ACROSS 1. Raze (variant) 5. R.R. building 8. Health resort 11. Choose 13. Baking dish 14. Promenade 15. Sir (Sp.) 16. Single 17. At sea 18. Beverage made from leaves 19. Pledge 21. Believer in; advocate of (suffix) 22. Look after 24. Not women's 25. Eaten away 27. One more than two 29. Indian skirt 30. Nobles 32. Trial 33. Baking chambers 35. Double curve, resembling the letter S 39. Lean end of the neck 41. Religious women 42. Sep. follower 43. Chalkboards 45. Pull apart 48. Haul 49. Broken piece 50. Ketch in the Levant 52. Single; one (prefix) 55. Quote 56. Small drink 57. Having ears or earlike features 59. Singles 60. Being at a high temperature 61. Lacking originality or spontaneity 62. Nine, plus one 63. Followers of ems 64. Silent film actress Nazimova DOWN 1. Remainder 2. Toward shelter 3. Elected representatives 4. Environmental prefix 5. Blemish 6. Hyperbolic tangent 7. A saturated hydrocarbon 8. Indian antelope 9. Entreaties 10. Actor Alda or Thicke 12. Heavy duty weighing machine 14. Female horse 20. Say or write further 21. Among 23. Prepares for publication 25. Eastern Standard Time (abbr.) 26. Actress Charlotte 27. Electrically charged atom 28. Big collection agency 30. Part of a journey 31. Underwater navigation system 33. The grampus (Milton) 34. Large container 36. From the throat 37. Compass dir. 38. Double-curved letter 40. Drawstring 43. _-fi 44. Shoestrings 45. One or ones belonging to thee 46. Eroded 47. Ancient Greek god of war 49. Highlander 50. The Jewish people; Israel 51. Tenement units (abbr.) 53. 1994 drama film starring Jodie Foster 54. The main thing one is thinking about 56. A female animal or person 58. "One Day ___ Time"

--

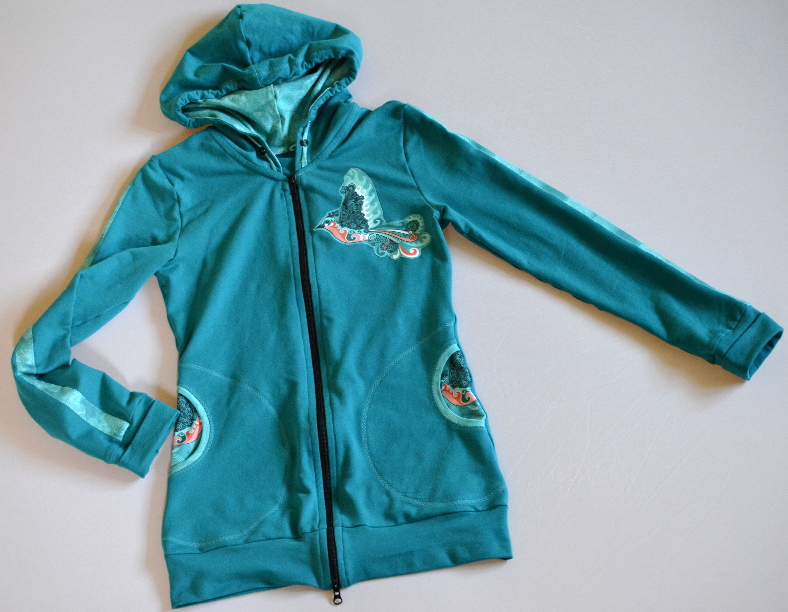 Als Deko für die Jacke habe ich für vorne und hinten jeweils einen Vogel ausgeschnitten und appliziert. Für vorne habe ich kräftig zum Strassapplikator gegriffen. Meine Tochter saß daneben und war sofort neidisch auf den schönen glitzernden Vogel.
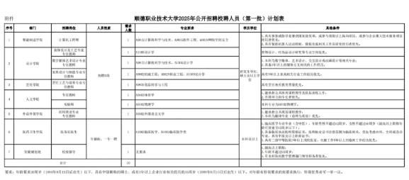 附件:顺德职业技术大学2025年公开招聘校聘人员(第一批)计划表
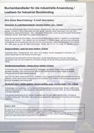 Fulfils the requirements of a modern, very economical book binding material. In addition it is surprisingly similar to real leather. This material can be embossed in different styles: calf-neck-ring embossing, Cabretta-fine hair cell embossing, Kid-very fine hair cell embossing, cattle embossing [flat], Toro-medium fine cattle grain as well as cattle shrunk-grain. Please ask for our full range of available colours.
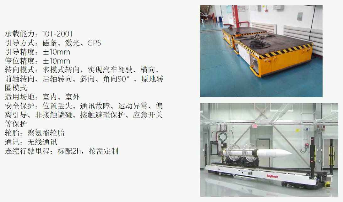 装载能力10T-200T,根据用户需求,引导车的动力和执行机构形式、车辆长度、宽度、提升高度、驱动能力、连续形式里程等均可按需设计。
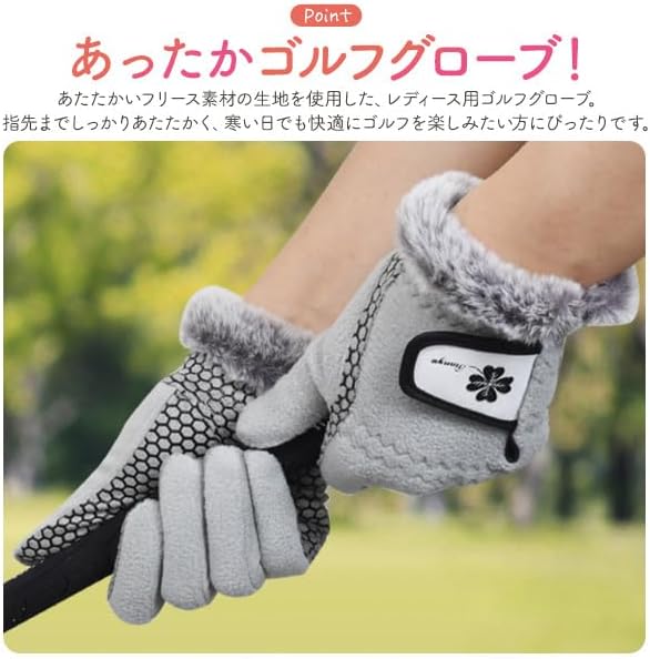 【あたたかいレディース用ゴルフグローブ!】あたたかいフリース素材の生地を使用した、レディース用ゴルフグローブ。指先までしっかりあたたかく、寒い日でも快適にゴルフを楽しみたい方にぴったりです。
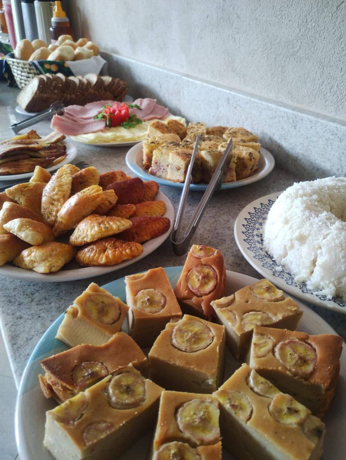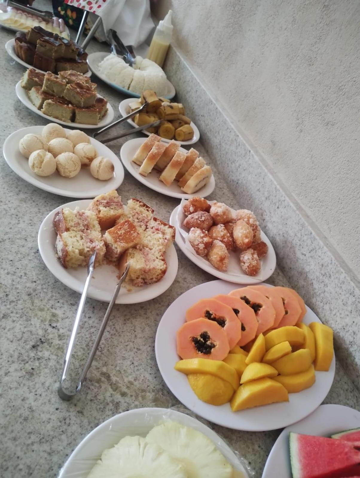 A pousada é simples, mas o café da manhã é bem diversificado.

--

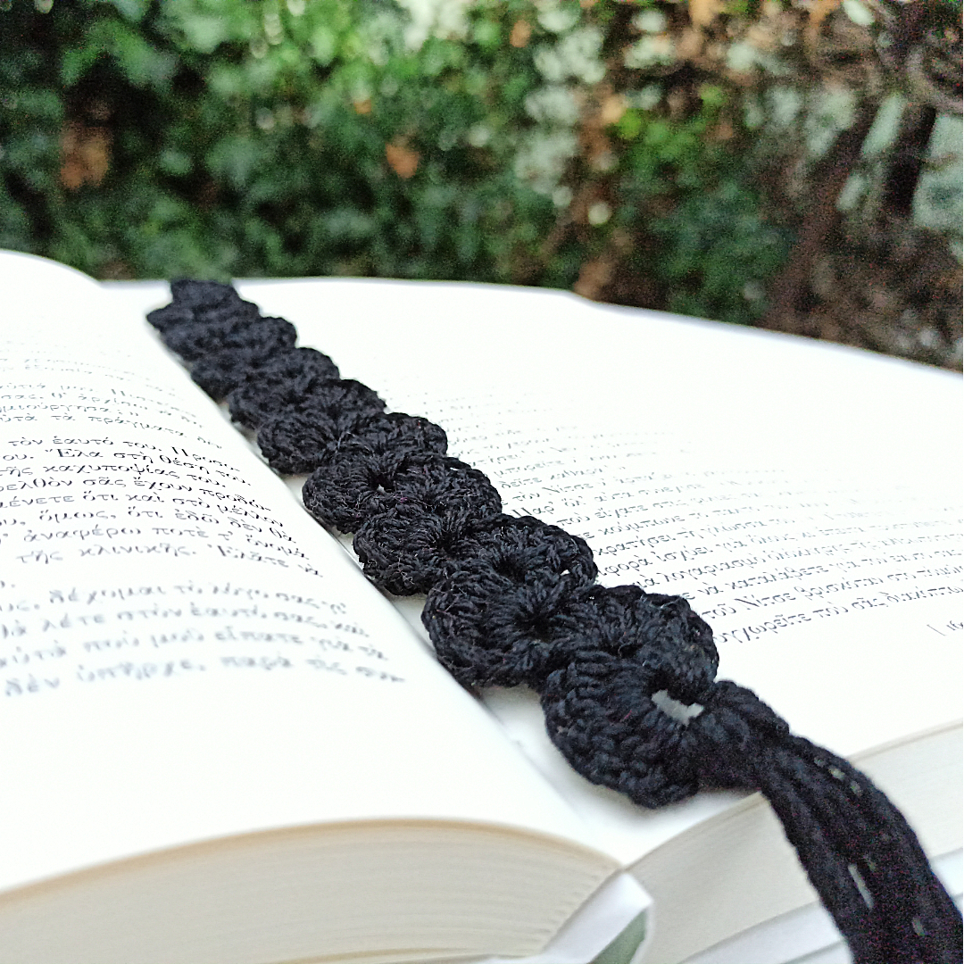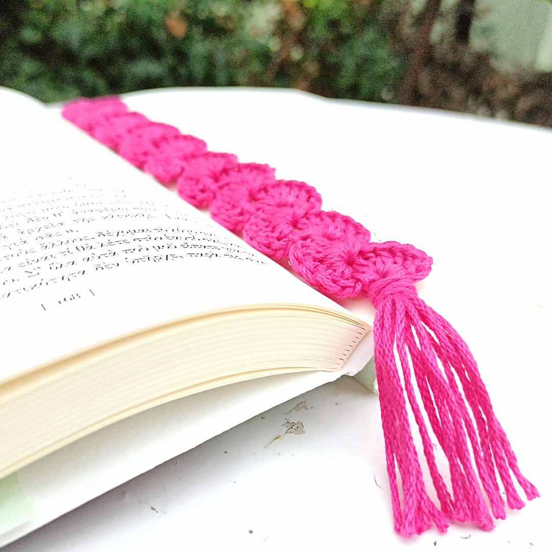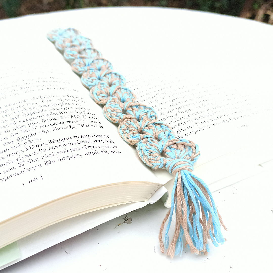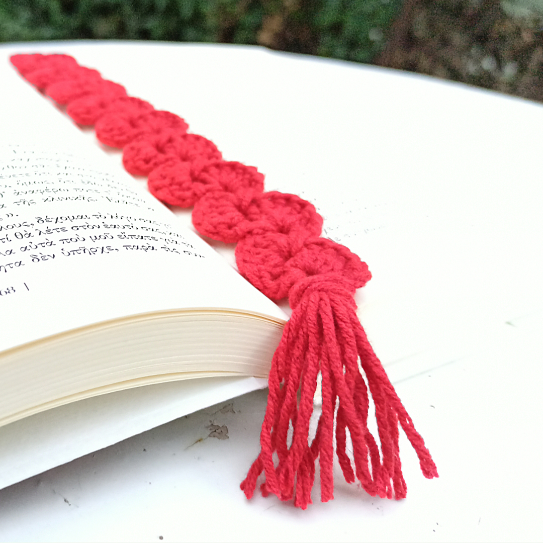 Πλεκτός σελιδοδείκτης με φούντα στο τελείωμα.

- [PROBLEM REQUIREMENTS]
What is needed is an exact copy of the lines above, from the one holding "附件:顺德职业技术大学2025年公开招聘校聘人员(第一批)计划表" down to the one holding "装载能力10T-200T,根", with those two included and the pictures left out.

- [ANSWER TO THIS TASK]
 附件:顺德职业技术大学2025年公开招聘校聘人员(第一批)计划表
 Fulfils the requirements of a modern, very economical book binding material. In addition it is surprisingly similar to real leather. This material can be embossed in different styles: calf-neck-ring embossing, Cabretta-fine hair cell embossing, Kid-very fine hair cell embossing, cattle embossing [flat], Toro-medium fine cattle grain as well as cattle shrunk-grain. Please ask for our full range of available colours.
 装载能力10T-200T,根据用户需求,引导车的动力和执行机构形式、车辆长度、宽度、提升高度、驱动能力、连续形式里程等均可按需设计。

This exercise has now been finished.